■ Aim of the task: Set down the final stretch of the data, from the line that holds "Instalarea discurilor este" through the last line, both included, with pictures left out.

■ Source material:
============================================================

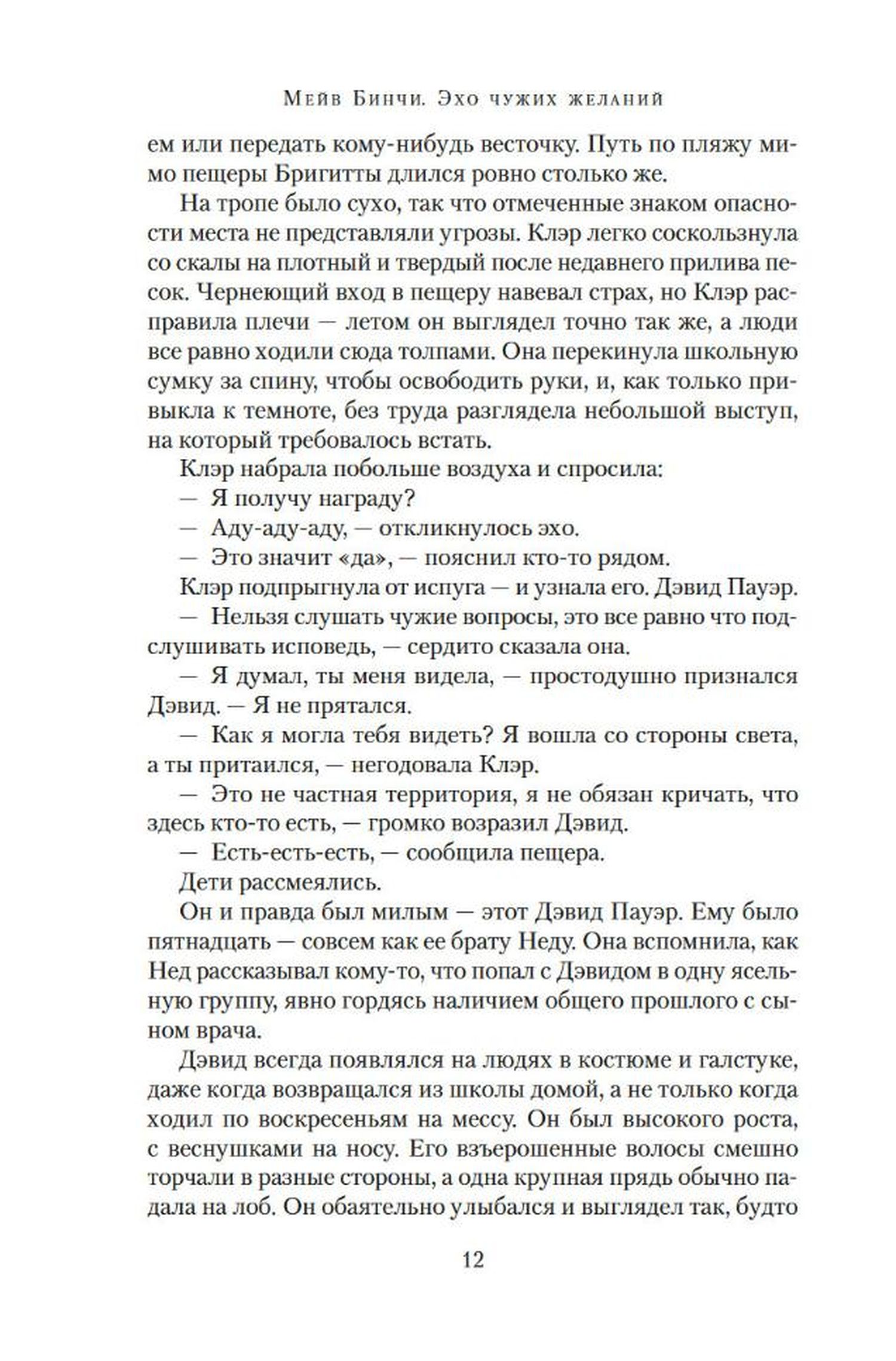 Ирландская писательница и журналистка Мейв Бинчи (1940–2012) хорошо известна не только на своей родине, но и во всем мире. Перу Бинчи, помимо рассказов, принадлежит 16 романов, ее книги неизменно становились бестселлерами и не раз получали престижные международные премии. В 1970-х годах Бинчи опубликовала три сборника рассказов, и довольно успешно, но настоящая слава пришла к ней после выхода первого романа «Зажги свечу» (1982). Через три года увидел свет второй роман Бинчи «Эхо чужих желаний», также встретивший теплый отклик читающей публики. У моря, в окрестностях тихого ирландского поселка Каслбей, в пещере прячется эхо. Люди верят, что, если эху задать вопрос, оно непременно ответит. Однажды сюда приходят двое подростков, Дэвид и Клэр. Мечта у них одинаковая: уехать подальше от родных мест. Мечты сбываются. Клэр выигрывает стипендию в Университетском колледже Дублина и переезжает в столицу. Едет туда и Дэвид, мечтающий стать врачом. Пути их пересекутся самым неожиданным образом и... приведут обратно, в серый пустынный Каслбей, где когда-то на фоне семейных тайн, сплетен и запутанных отношений разыгралась драма амбиций, предательства и любви…
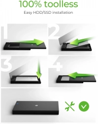 Instalarea discurilor este 100% fără unelte - doar deschideți capacul, introduceți discul, închideți și puteți începe să-l utilizați. Carcasa suportă discuri SATA I/II/III de 2,5 inchi cu o înălțime maximă de 9,5 mm, garantând o gamă largă de compatibilitate.<02p>
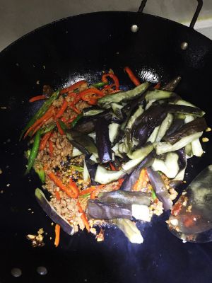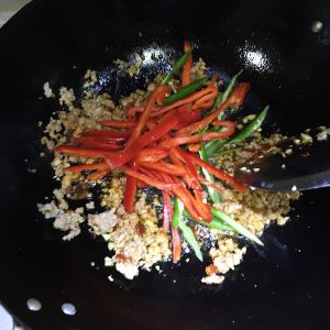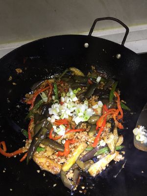 放入切好的辣椒丝,翻炒(真的特别不爱吃没熟透的辣椒,所以为了私心就先放它了。可以先放茄子,再放辣椒哦)

============================================================

■ Result of the task:
 Instalarea discurilor este 100% fără unelte - doar deschideți capacul, introduceți discul, închideți și puteți începe să-l utilizați. Carcasa suportă discuri SATA I/II/III de 2,5 inchi cu o înălțime maximă de 9,5 mm, garantând o gamă largă de compatibilitate.<02p>
 放入切好的辣椒丝,翻炒(真的特别不爱吃没熟透的辣椒,所以为了私心就先放它了。可以先放茄子,再放辣椒哦)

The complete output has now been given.